A decade ago I spent a couple of hours with Morarji Desai, a well known politician and one time Prime Minister of India. I was researching the campaign by Hindu religious parties to build a shrine to Lord Rama on the spot where then stood the moth century Babri mosque. They claimed that the site was the birthplace of Rama, an avatar who lived, according to traditional Hindu belief, some time in the years 3000 BC.

During an earlier visit to Prime Minister Desai in 1977, I had been impressed by his traditional style and his devotion to Hinduism. So I thought he will be a good man to interview on the subject of Hindu "fundamentalism."

Morarji Desai was critical of the BJP and its allies. He worried that they would inflict dam age to India's fragile unity and its secular dispensation. As he fulminated in particular against the RSS, Vishwa Hindu Parishad and the Shiv Sena, I was startled at one point when he said: "They are distorting Hinduism out of shape. In effect, they are un-circumcised Mussulman fanatics." What do you mean?
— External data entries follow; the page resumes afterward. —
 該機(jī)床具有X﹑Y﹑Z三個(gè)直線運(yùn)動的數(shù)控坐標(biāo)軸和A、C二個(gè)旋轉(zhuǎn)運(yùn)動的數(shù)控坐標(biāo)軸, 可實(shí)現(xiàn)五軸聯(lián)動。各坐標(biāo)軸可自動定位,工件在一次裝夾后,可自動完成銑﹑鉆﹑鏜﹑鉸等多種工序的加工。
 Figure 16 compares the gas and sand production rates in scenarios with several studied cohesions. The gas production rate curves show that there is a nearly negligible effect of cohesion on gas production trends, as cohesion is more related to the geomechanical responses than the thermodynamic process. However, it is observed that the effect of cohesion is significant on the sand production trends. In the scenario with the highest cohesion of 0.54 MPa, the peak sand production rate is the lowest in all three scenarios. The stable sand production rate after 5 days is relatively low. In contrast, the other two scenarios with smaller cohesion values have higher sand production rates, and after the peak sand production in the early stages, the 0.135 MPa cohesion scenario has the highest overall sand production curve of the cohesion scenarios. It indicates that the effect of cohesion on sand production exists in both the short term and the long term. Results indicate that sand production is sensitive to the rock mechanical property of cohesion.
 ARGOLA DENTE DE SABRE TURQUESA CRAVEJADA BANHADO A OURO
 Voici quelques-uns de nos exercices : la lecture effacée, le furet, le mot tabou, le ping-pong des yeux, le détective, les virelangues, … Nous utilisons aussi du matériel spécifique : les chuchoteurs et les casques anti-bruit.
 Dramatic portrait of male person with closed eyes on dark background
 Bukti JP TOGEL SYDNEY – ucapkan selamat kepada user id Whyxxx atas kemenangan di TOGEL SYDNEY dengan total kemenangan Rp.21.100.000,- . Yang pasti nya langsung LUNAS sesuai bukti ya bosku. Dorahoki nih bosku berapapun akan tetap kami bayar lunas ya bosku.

I asked, and he proceeded to talk about the "imitation" of monotheism in their singular focus on Rama, their cult of violence, and their mobilisation of a virtual jihad over "Ram Janam Bhoomi" as un-Hindu attitudes and activities.
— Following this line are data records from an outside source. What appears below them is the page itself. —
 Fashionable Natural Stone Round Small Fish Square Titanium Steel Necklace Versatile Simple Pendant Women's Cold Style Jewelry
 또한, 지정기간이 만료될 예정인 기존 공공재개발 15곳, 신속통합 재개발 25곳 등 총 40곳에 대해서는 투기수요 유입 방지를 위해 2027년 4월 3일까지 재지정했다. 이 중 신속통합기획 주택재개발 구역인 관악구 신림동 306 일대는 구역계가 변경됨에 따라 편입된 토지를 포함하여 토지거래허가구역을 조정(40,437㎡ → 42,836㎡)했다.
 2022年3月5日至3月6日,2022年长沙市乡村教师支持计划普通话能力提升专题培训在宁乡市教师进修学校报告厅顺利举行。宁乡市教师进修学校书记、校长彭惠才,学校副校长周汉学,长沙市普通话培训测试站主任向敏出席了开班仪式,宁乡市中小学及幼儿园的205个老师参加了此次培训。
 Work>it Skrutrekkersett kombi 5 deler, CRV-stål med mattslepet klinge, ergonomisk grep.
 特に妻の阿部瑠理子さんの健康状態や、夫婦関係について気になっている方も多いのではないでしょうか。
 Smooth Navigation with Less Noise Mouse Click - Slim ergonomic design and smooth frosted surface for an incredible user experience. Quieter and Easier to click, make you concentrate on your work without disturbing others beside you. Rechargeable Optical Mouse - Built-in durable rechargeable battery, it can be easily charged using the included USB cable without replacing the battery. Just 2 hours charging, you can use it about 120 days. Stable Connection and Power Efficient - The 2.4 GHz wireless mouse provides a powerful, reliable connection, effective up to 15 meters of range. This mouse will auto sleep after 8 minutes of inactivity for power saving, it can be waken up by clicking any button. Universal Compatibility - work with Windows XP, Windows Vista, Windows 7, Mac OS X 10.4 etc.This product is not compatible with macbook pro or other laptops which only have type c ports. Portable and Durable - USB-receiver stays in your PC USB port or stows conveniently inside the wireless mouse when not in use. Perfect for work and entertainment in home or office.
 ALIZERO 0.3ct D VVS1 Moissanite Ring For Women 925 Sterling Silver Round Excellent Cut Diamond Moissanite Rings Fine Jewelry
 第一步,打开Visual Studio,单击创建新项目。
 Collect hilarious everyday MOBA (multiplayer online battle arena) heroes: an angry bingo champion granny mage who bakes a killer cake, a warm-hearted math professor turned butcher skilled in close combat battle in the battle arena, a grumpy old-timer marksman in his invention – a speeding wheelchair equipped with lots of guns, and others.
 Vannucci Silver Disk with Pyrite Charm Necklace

At the time I had felt uncomfortable with this remark as it smacked of a communal out look. Later, as I continued to research the Ram Janam Bhoomi movement, I appreciated his comparison between contemporary Muslim and Hindu militancy. But Morarji Desai was wrong in one respect. The similarities were not an outcome of the Parivar imitating their Muslim counterparts. Rather, the distortion of a given religious tradition and other shared patterns of attitude, behaviour and style are products of common roots in the modern times and its unique tensions. I have argued this point in an earlier essay. Here I discuss how these so-called fundamentalists, in particular the Islamist variety, relate to the religious tradition they claim to cherish and represent.

The religious idiom is greatly favoured in their discourse, its symbols are deployed and rituals are observed. Yet no religious political movement or party has, to my knowledge, incorporated, in a comprehensive fashion, the values or traditions of Islam, Christianity, Judaism and Hinduism in their programmes and activities, nor have they set examples of lives lived, individually or collectively, in accordance with the cherished values of the belief system they reinvoke. What they do is to pick out whatever suits their political purposes, cast these in sacred terms, and invest them with religious legitimacy. This is a deforming though easy thing to do.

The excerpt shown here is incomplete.